The containerd Transfer Service, by default, operates in a "pull-based" model where each node independently fetches image layers from a registry.
Let’s see it in action. Imagine you have a private registry at my.private.registry.com and you want to distribute an image my-app:latest to several nodes.
First, on the node that has the image (let’s call it the "source"), ensure containerd is running and the image is present. You can verify this with:
sudo ctr images list
You’d see my.private.registry.com/my-app:latest in the output.
Now, on a "target" node that doesn’t have the image, you’d typically run:
sudo ctr images pull my.private.registry.com/my-app:latest
This is the standard pull operation. containerd on the target node connects to my.private.registry.com and downloads all necessary layers. This works fine for a few nodes, but if you have hundreds or thousands, it becomes a significant strain on your registry bandwidth and can lead to slow deployments.
This is where the Transfer Service shines. It allows nodes to share image layers directly with each other, bypassing the central registry for subsequent distributions.
To enable this, you need to configure containerd on your nodes. The relevant configuration is in /etc/containerd/config.toml. You’ll need to add or modify the [plugins."io.containerd.grpc.v1.cri".containerd.runtimes.runc.options] section to include TransferService. More critically, you need to enable the Transfer Service plugin itself in the main config.toml:
[plugins]
[plugins."io.containerd.grpc.v1.transfer"]
enabled = true
This tells containerd to activate the Transfer Service plugin.
Once enabled, containerd automatically starts advertising its available image layers. When a node needs an image that it doesn’t have locally, it will first check if any other nodes in its immediate network (or configured peers) have the required layers. If a peer is found with the data, containerd will attempt to transfer the layers directly from that peer.
The magic is that containerd doesn’t need to know about specific "peers" in a static sense. It uses a discovery mechanism. When a ctr images pull command is issued, and the Transfer Service is enabled, containerd queries its local network for other containerd instances advertising image data. If it finds one, it initiates a direct peer-to-peer transfer.
Here’s how the internal flow changes:
- Initial Pull: The very first node to pull
my.private.registry.com/my-app:latestwill still fetch it entirely from the registry. - Subsequent Pulls (with Transfer Service): A second node, when asked to
ctr images pull my.private.registry.com/my-app:latest, will first discover other containerd nodes. It finds the first node, which has the image. - Layer Discovery: The second node asks the first node, "Do you have layer X?"

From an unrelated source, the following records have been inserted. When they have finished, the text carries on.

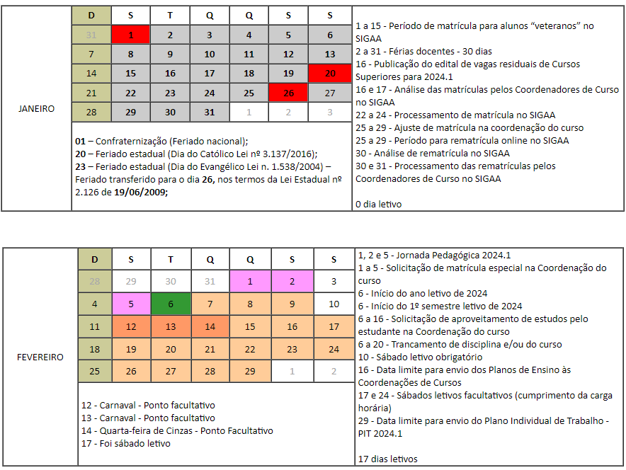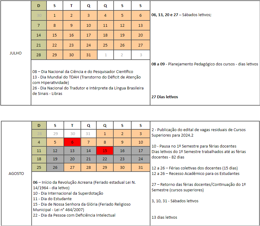 Dispõe sobre a aprovação do Calendário Acadêmico dos Cursos de Graduação no ano letivo de 2024 do Campus Cruzeiro do Sul do Instituto Federal de Educação, Ciência e Tecnologia do Acre (Ifac). |
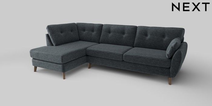 6.12.1 Buy Wilson Buttoned Back Large Corner Chaise - Left Hand Plush Chenille Slate Blue Retro Tapered - Mid from the Next UK online shop Click here to use our accessible website
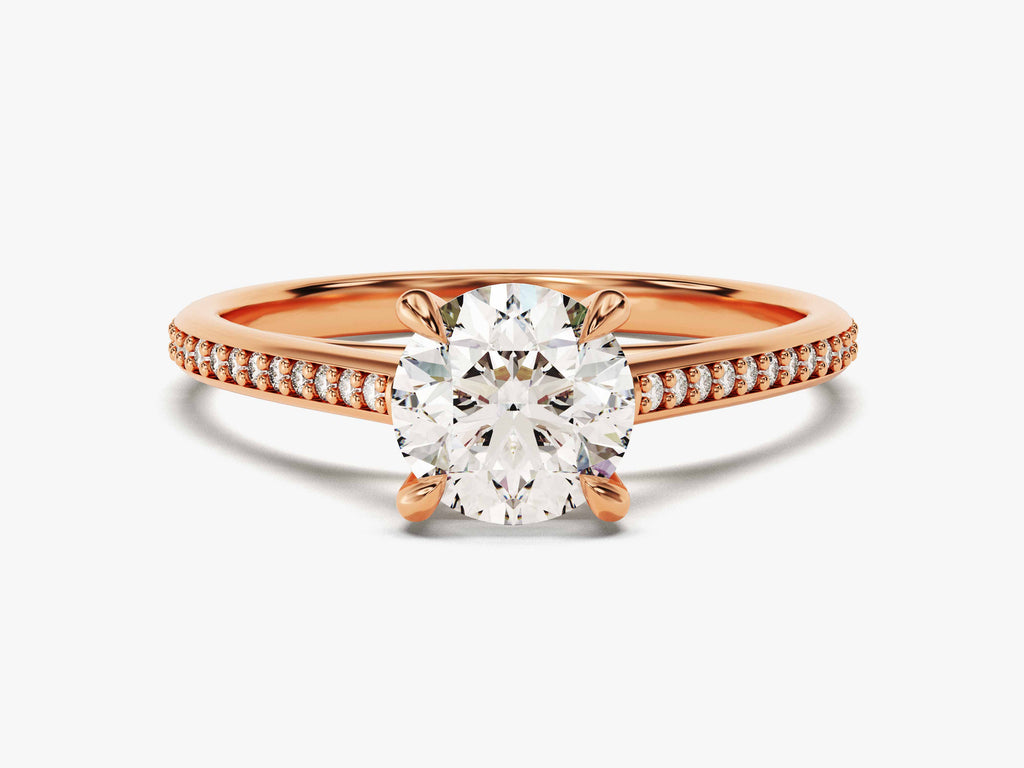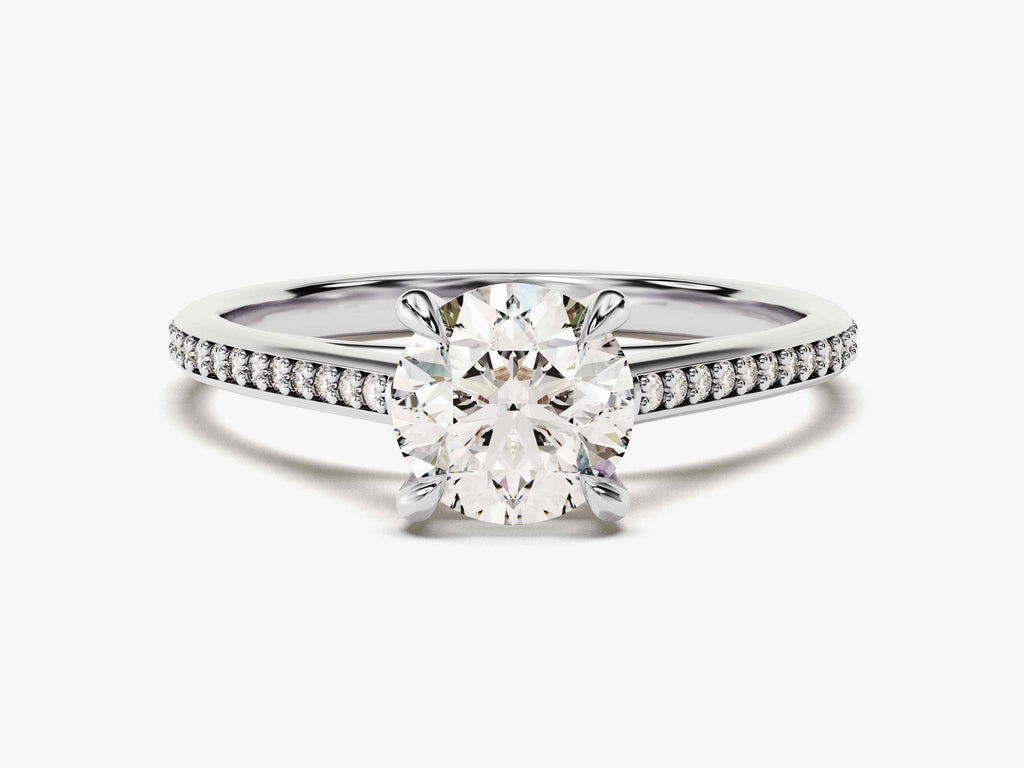 Moissanit Verlobungsring im Rundschliff mit Kanal-Pave-Seitensteinen (1.00 CT)
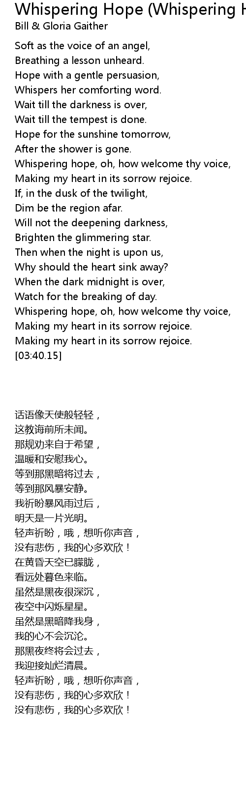 [02:49.44] Whispering hope, oh, how welcome thy voice,
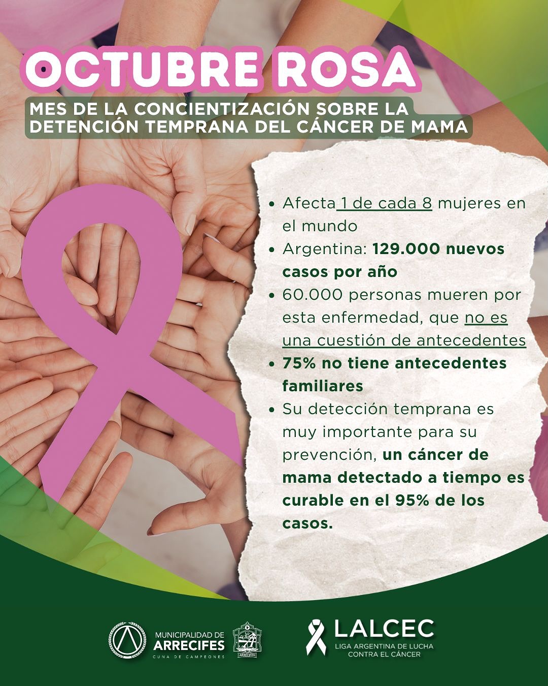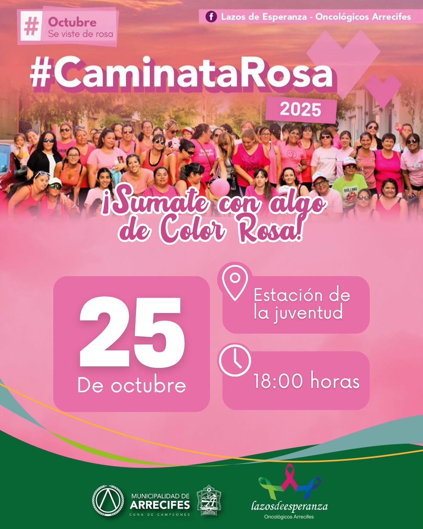 En el marco del mes de la concientización sobre el cáncer de mama, el grupo Lazos de Esperanza – Oncológicos Arrecifes invita a toda la comunidad a participar de una nueva edición de la Caminata Rosa, este sábado 25 de octubre a las 18:00 hs.

- Direct Transfer: If the first node has layer X, it serves it directly to the second node over the containerd gRPC API. This happens for all layers of the image.
- Registry Fallback: If no peer is found with the required layers, or if the peer transfer fails, containerd falls back to pulling from the original registry.

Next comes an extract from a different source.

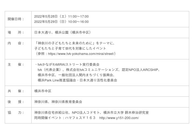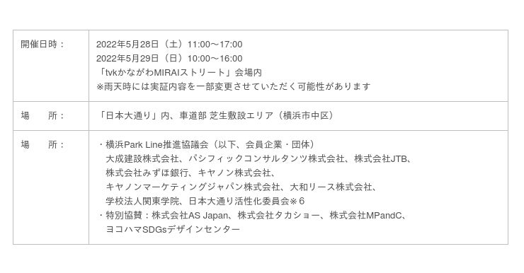 本実証は、株式会社テレビ神奈川(以下、tvk)を代表とするtvkかながわMIRAIストリート実行委員会が主催するイベント「tvk かながわMIRAIストリート※2」を通して、国土交通省創設の歩行者利便増進道路制度※3(通称「ほこみち」)に基づいてYPLが提言している「道路空間の広場化」に取り組むものであり、周辺にお住まいの方々や来街者の皆様に当該空間を体験していただき、その有用性を確認するものです。

This peer-to-peer distribution significantly reduces the load on your registry, especially in environments with many nodes or frequent image updates. It’s particularly effective for large images where downloading all layers from scratch for every new node is time-consuming.
The surprising thing about containerd’s Transfer Service is its implicit discovery. You don’t typically configure explicit peer lists. Instead, containerd nodes on the same broadcast domain or network segment will discover each other and advertise their available content. This makes it robust to dynamic environments where nodes join and leave.
The one thing most people don’t know is that this peer-to-peer transfer uses the same underlying content-addressable storage as the standard registry pull. When a layer is transferred, it’s stored in the same blob store on the receiving node as if it were pulled from a registry. This means there’s no extra overhead in terms of how containerd manages its image data locally; it just changes the source of that data.
The next concept you’ll likely encounter is optimizing this discovery and transfer process, perhaps by using dedicated distribution networks or more advanced peering strategies.